Gregor stöhnte gequält auf, wandte sich ab und ging. Ohne auch nur ein Wort gesagt zu haben, hatte diese kleine Frau Gregor von einem tollwütigen Hund in einen getretenen Welpen verwandelt. Und auch ohne ein Wort an den Rest zu wenden, wandte sie sich ab und ging wieder auf ihren Sitzplatz am Rand der Gruppe.
Ty, dessen Wut in Verblüffung umgeschlagen war, schüttelte fassungslos den Kopf.
"Was bitte war das?", wandte er sich an Alexa.
Diese schüttelte traurig lächelnd den Kopf.
"Lass es lieber, Ty. Wenn es um Nina geht, sieht Gregor immer rot. Tu am besten so, als wäre sie gar nicht da"
Alexa sah ihn eindringlich an.
Ty blickte zurück zu Nina, die wieder ihren Beobachtungsposten eingenommen hatte. Sie saß einfach nur da und fotografierte die Menge.

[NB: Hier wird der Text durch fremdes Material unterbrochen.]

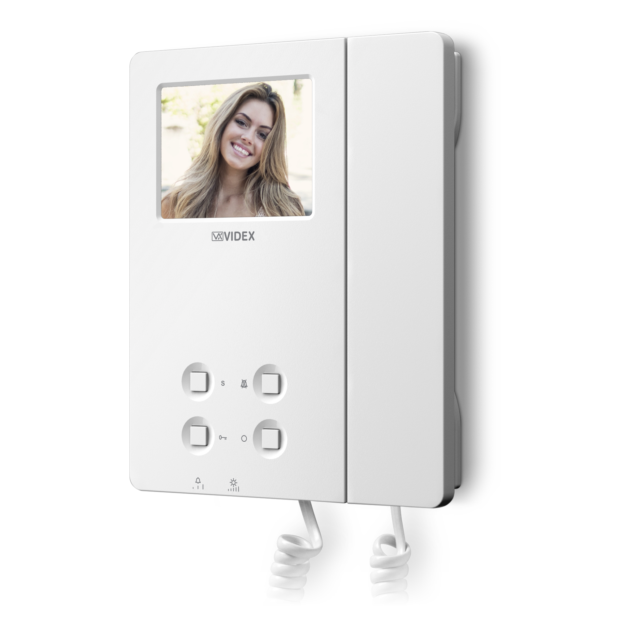 6200 series video intercom for VX2300 system with handset, 3.5” LCD TFT monitor, 4 tactile buttons for preset functions: conversation/ auto ignition, door opener, intercom call, camera switching/privacy service and remote relay activation Cod. 2305. Local call input. Adjust contrast, brightness, call volume and privacy. Multiple intercom function through dedicated button for up to 4 devices in the same column or junction box. Device configuration via dip-switch. White ABS material. Power supply from BUS or optional 12Vdc with Cod. 323/12. Dimensions: 144x182x27mm. Wall-mounted, optional table base cod. 62931.
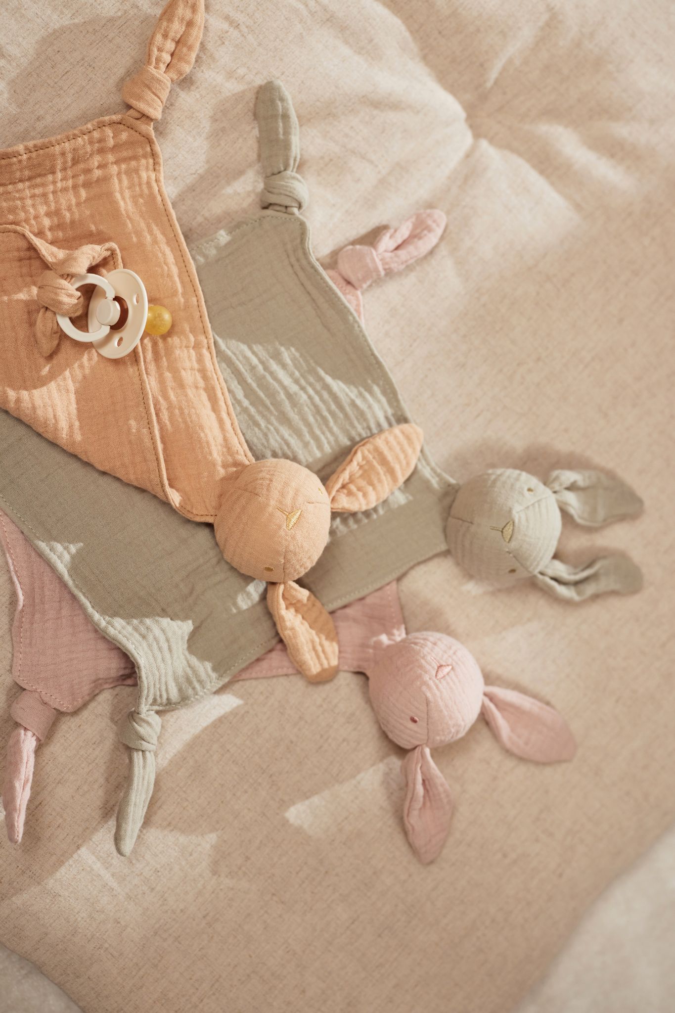– Attache-tétine en gaze de coton doux, à la texture agréable pour bébé
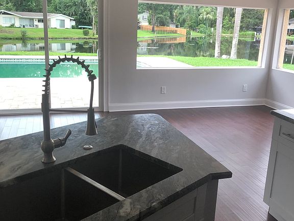Your tropical paradise awaits! This beautifully RENOVATED WATERFRONT pool home with SKI LAKE ACCESS is a relaxing retreat in the heart of Carrollwood! convenient to shopping, restaurants and schools. Amazing upgrades including professional grade kitchen appliances, scraped solid bamboo wood floors, new windows, wrought iron spindle staircase, wood burning FIREPLACE, new electrical and plumbing, all new bathrooms, kitchen, pool surface and pavered deck. Great layout with separate formal living and dining rooms, oversized FAMILY ROOM with stone fireplace and double sliders to backyard, and open kitchen with amazing water views make this a great home for entertaining. The stunning kitchen is the centerpiece of this home with white cabinets, upgraded STAINLESS STEEL PROFESSIONAL SERIES Frigidaire appliances including built in extra-large fridge, island with seating, pendant lighting, tons of storage and counterspace, and attached breakfast nook. Downstairs master bedroom features wood floors, two large closets, French doors overlooking pool area and lake, and attached bath with double vanity, soaker tub and huge shower with stone floor, seating bench and double WATERFALL showerhead. Huge windows line the back of the house and overlook the SERENE POOL area (pool is 10 feet deep!) and LAKE WITH DOCK! This home has deeded access to SKI LAKE CARROLL AND BEACH a mile away. This is the luxury you dream of with the convenient access of Carrollwood that you desire. Schedule your tour today!

So zu tun, als wäre sie nicht da, fand Ty gar nicht so einfach. Bisher war sie ihm nie aufgefallen. Er war sich gar nicht so sicher, ob sie bei den bisherigen Zusammentreffen der beiden Gruppen jemals anwesend gewesen war.
Gregor ging zu ihr, ließ sich vor ihr auf die Knie fallen und sprach mit ihr.
Nein, dachte Ty, nicht mir ihr, eher auf sie ein.
Sie legte den Kopf schief und schien ihm aufmerksam zuzuhören. Mitten in seinem Redefluss legte Nina ihm eine Hand auf die Wange und lächelte zaghaft. Gregor legte daraufhin seinen Kopf in ihren Schoß und Nina streichelte ihm über die Haare.
Ty sah noch einige Minuten zu, ehe er sich wieder an Alexa wandte.
"Was wird das?", fragte er verwirrt.
"Lass sie einfach in Ruhe, Ty. Wirklich, es ist besser für alle, wenn du dieses Thema einfach auf sich beruhen lässt", antwortete Alexa.
"Warum die Geheimniskrämerei?"
"Gott Ty, wenn du keine Ruhe geben willst, dann geh wenigsten zu Sky. Gregor ist eh noch sauer auf mich."
Ty wandte sich ab und holte sich erst mal ein Bier. Seine Gedanken kreisten um den seltsamen Vorfall. Er setzte sich zurück an das Lagerfeuer, wählte seinen Platz aber so, dass er Nina im Blick behielt.
Gregor saß mittlerweile neben ihr und sprach wieder auf sie ein, während Nina sich eine Zigarette drehte.